Education

Ohio State Raising Fees For Online Courses Is A Big Deal


When big education institutions make policy changes, it can be deceiving. We think it’s big news, or maybe, because we care, we think that it should be big news. Whether it is or not depends on the news as well as the institution. We think and talk too much about what Harvard does, probably not nearly enough about what happens at the University of Central Florida, the largest school in the country.

On both measures though, the decision Ohio State University leaders made this week ought to be big. The school is big – enrollment of around 60,000, making it top five or ten in sheer size, depending on how you count. The news, also big. Or at least it should be.

According to local news coverage, university Trustees voted to hike tuition and fees. New in-state freshmen will pay an extra 3.8% in tuition. Out-of-state freshmen will see prices go up 5%. But that’s not the big deal. Prices go up. At most schools, the amount of scholarship and grant aid has been outpacing these increases, leaving actual costs pretty flat for some time.

What is a big deal is that the Trustees also raised fees for out-of-state students taking online classes. And by “raised,” I mean a ton. Last year, out-of-state students who took all their classes online paid a $5 surcharge. Next year, the out-of-state, online surcharge will be $19,493.

The local coverage of the change did not say why the school decided to add nearly $20,000 to the annual tab for remote online students. But the result is pretty clear. With this change, remote online students will pay $34,717 a year to take online classes, out-of-state students who study on campus at Ohio State will pay nearly the same – $35,019.

The new price structure means that one of the largest schools in the country has leveled up the prices for their online and in-person classes.

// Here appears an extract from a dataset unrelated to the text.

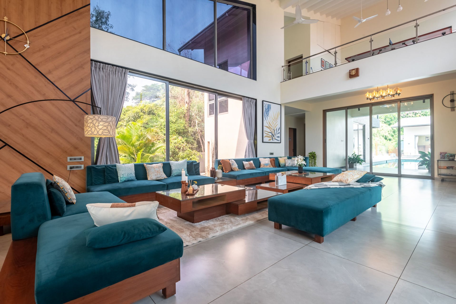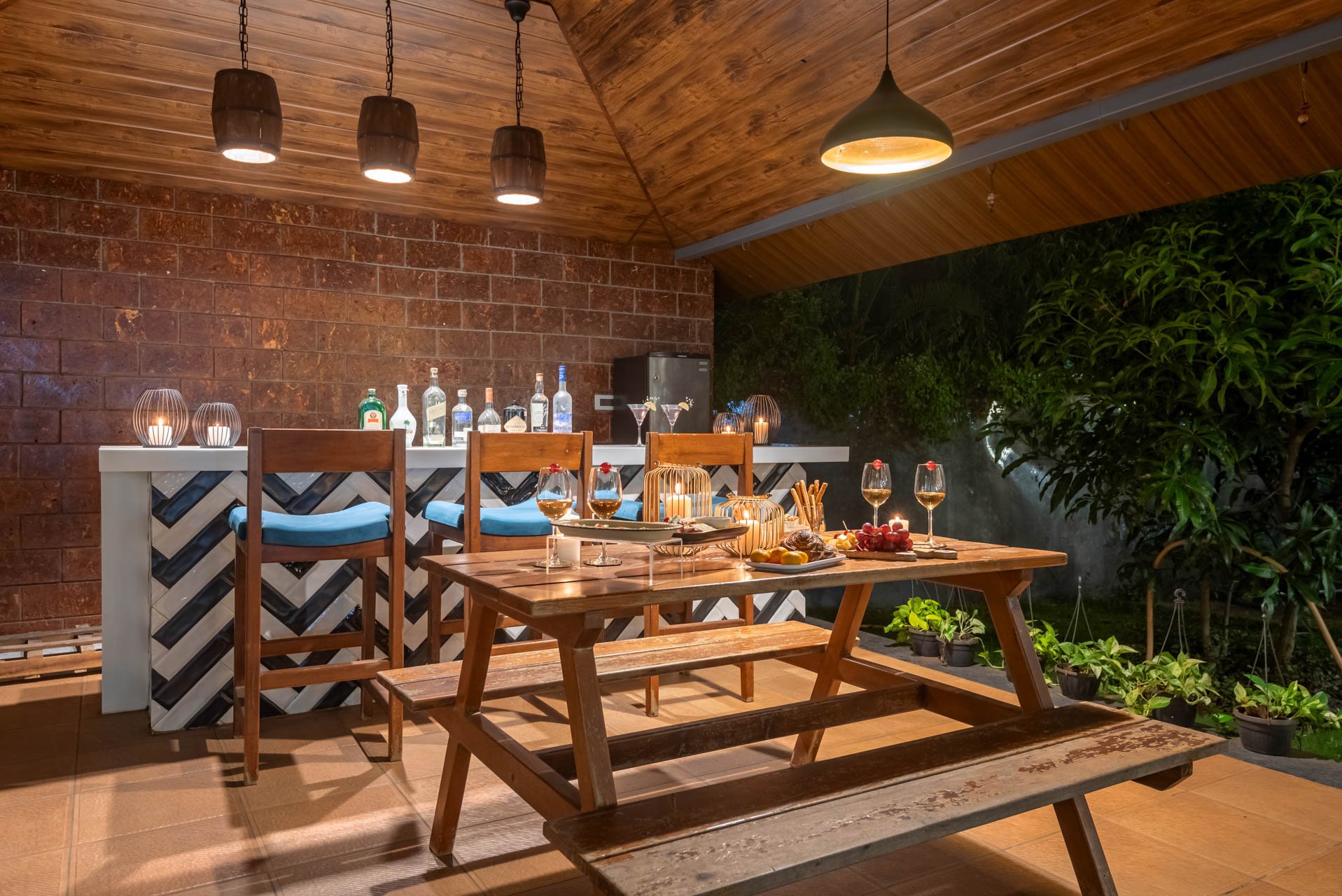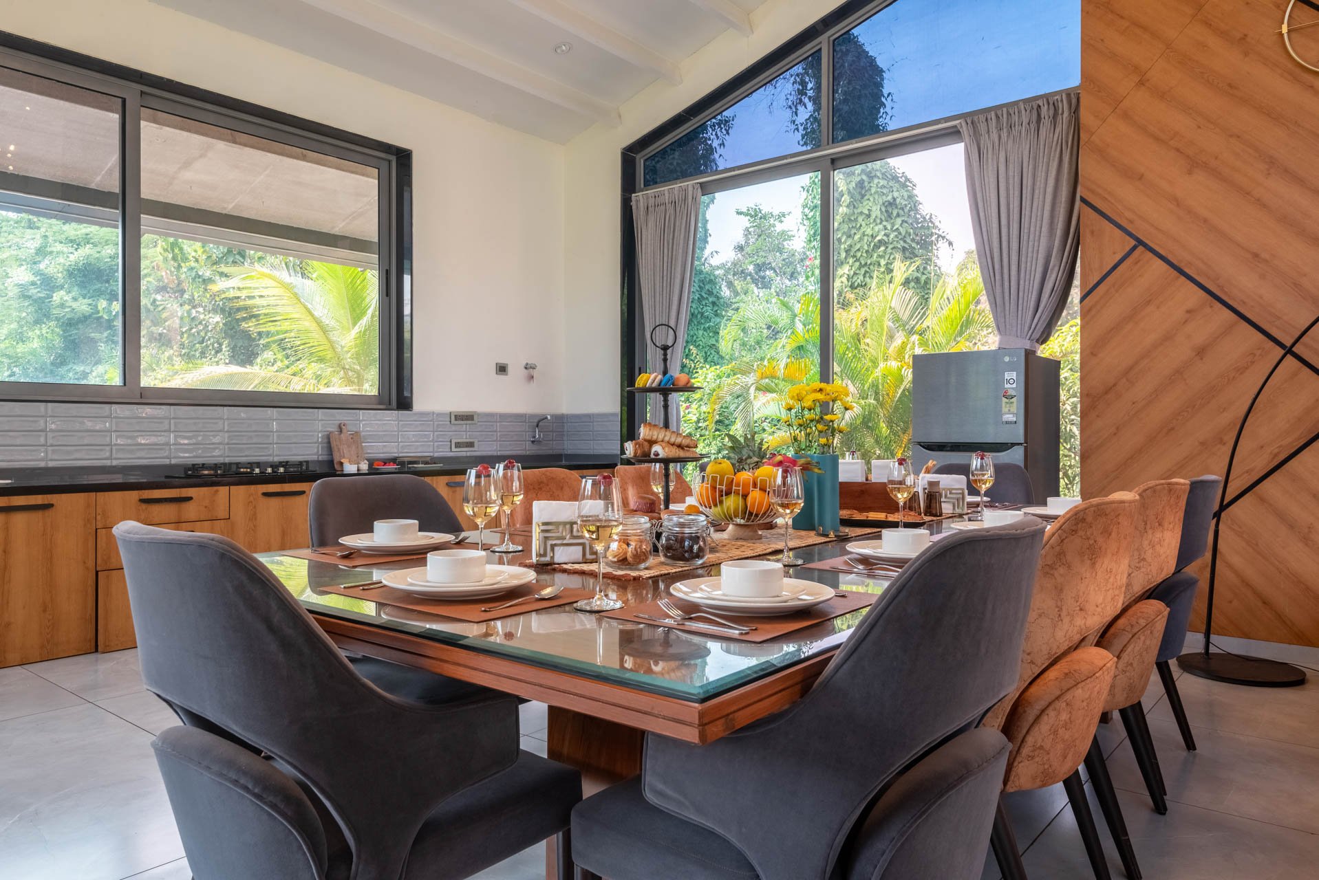 Think of a castaway experience, swathed in endless greenery and charismatic experiences right in the heart of Karjat – The Den might just be this town’s best-kept secrets. This sprawling holiday home sweeps you into a world of laidback luxury with an expansive set of alluring amenities that must be experienced in person. As you pull up the driveway, you will notice the facade of this home that is simply unlike any other home; it’s almost dreamy, wrapped in surreal landscapes of luxuriant foliage and the distant mountains. Set on extensive grounds, this getaway is almost like your sanctuary – replete with the choicest of experiences. The free-flowing indoor spaces are ornamented with classy yet swanky furnishings, sloping high ceilings and well-cushioned seating areas. Leading to the outdoors – the path weaves down to the L-shaped swimming pool, the lush green gardens and the private turf. However, the sheer highlight of this holiday home is the sun-drenched terrace that makes for the perfect setting for a delectable high tea. At The Den, we encourage you to embrace luxury and enjoy nature.

From a reputation and degree-value perspective, that’s a great decision. The marketplace is overrun with cheap and easy online degrees of questionable quality – most are churned out by shady for-profit schools as well as few mass-market assembly line schools that are nominally “non-profit.” Institutions that care about their brands don’t want to get in a price war with those places. None of them, Ohio State included, will win a cost and price race to the bottom.  

By making their in-person degrees and online degrees cost the same, they’re saying ‘this is what an Ohio State degree costs and we think it’s worth it. There’s no cheap version of a degree from Ohio State.’ If the school stands behind an online degree and an in-person degree equally, if they say they are the same, they should be priced comparably.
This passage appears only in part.